Ian Payne 4am - 7am
Russian men sail 300 miles to remote island in Alaska to escape Putin's draft
7 October 2022, 14:05
Two Russian men have sailed 300 miles through rough waters on a small boat to escape Putin's war draft and claim asylum in Alaska.
Listen to this article
The pair immediately applied for refuge in the US state upon landing on a remote Alaskan island in the Bering Sea.
A spokesperson for Alaska Senator Lisa Murkowski's office said: "The Russian nationals reported that they fled one of the coastal communities on the east coast of Russia to avoid compulsory military service."
Citing a Kremlin source, a Forbes Russia report this week claimed as many as 700,000 men may have left the country since President Vladimir Putin announced a partial troop mobilisation on September 21.
Most of the men have fled over land to neighbouring countries including Kazakhstan, Georgia and Finland. However the arrival of the two men in Alaska is an unusual first.
Republican senator Ms Murkowski said then men had landed at a beach near the town of Gambell - an isolated community on St Lawrence Island home to just 600 people. Alaska's other senator, Dan Sullivan, said he was alerted to the matter by a "senior community leader from the Bering Strait region" on the morning of Tuesday 4 October.

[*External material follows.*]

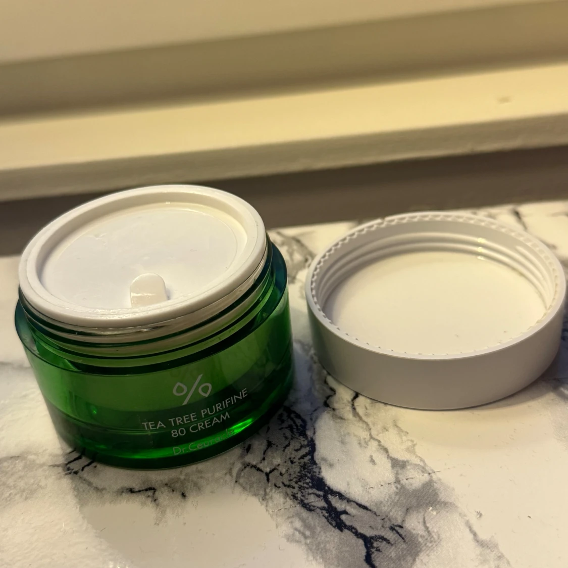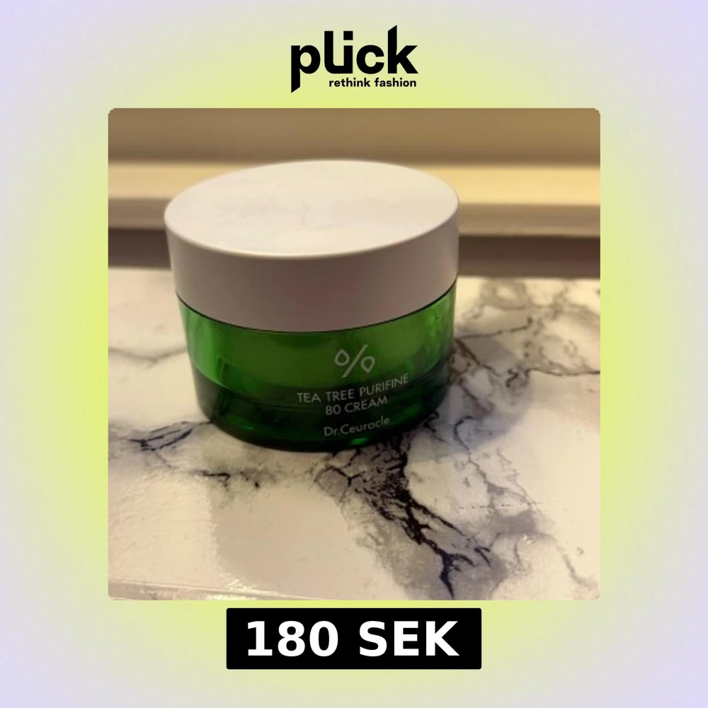 En grön burk med vit lock innehållande Tea Tree Purifine 80 Cream från Dr.Ceuracle. Krämen är framtagen med tea tree-extrakt och passar perfekt för dig som vill ha en fräsch och återfuktande hudvårdsrutin. Snygg och stilren design i plast.

Gambell is roughly 200 miles southwest of the western Alaska hub community of Nome, and about 36 miles from the Chukotaka Peninsula, Siberia - according to a community profile on a state website.

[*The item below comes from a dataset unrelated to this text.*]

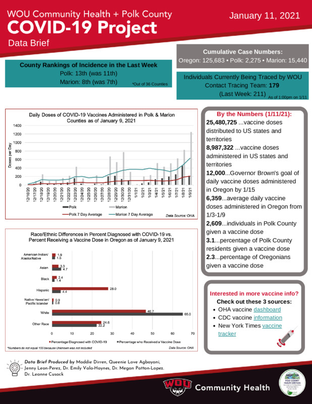 COVID-19 Project Data Brief (WOU Community Health + Polk County), January 11, 2021

Mr Sullivan has encouraged federal authorities to have a plan in place in a statement, in case "more Russians flee to Bering Strait communities in Alaska":
"This incident makes two things clear: First, the Russian people don't want to fight Putin's war of aggression against Ukraine," Mr Sullivan said.

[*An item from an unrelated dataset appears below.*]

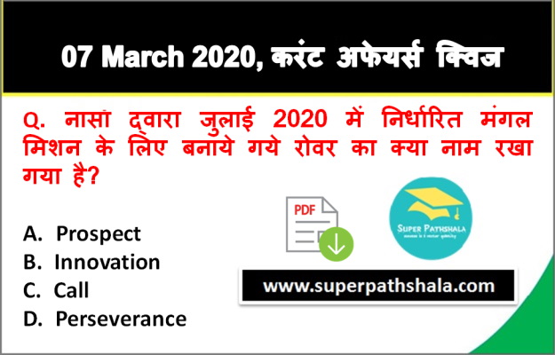 | Q7. | नासा द्वारा जुलाई 2020 में निर्धारित मंगल मिशन के लिए बनाये गये रोवर का क्या नाम रखा गया है? |

"Second, given Alaska's proximity to Russia, our state has a vital role to play in securing America's national security."
Ms Murkowski said the situation underscored "the need for a stronger security posture in America's Arctic."
The state's Governor, Mike Dunleavy, said he did not expect a continual stream or "floatilla" of individuals traversing the same route, also warning of a fall storm packing strong winds that could make travel in the region dangerous.
The route the men have taken to get to the US appears to be unusual, with most Russians more commonly attempting to enter the US through Mexico.
Russians typically fly from Moscow to Cancun or Mexico City, entering Mexico as tourists before getting a connecting flight to the US border.
Earlier this year, US authorities contended with a spate of Russians who hoped to claim asylum if they reached an inspection booth at an official crossing.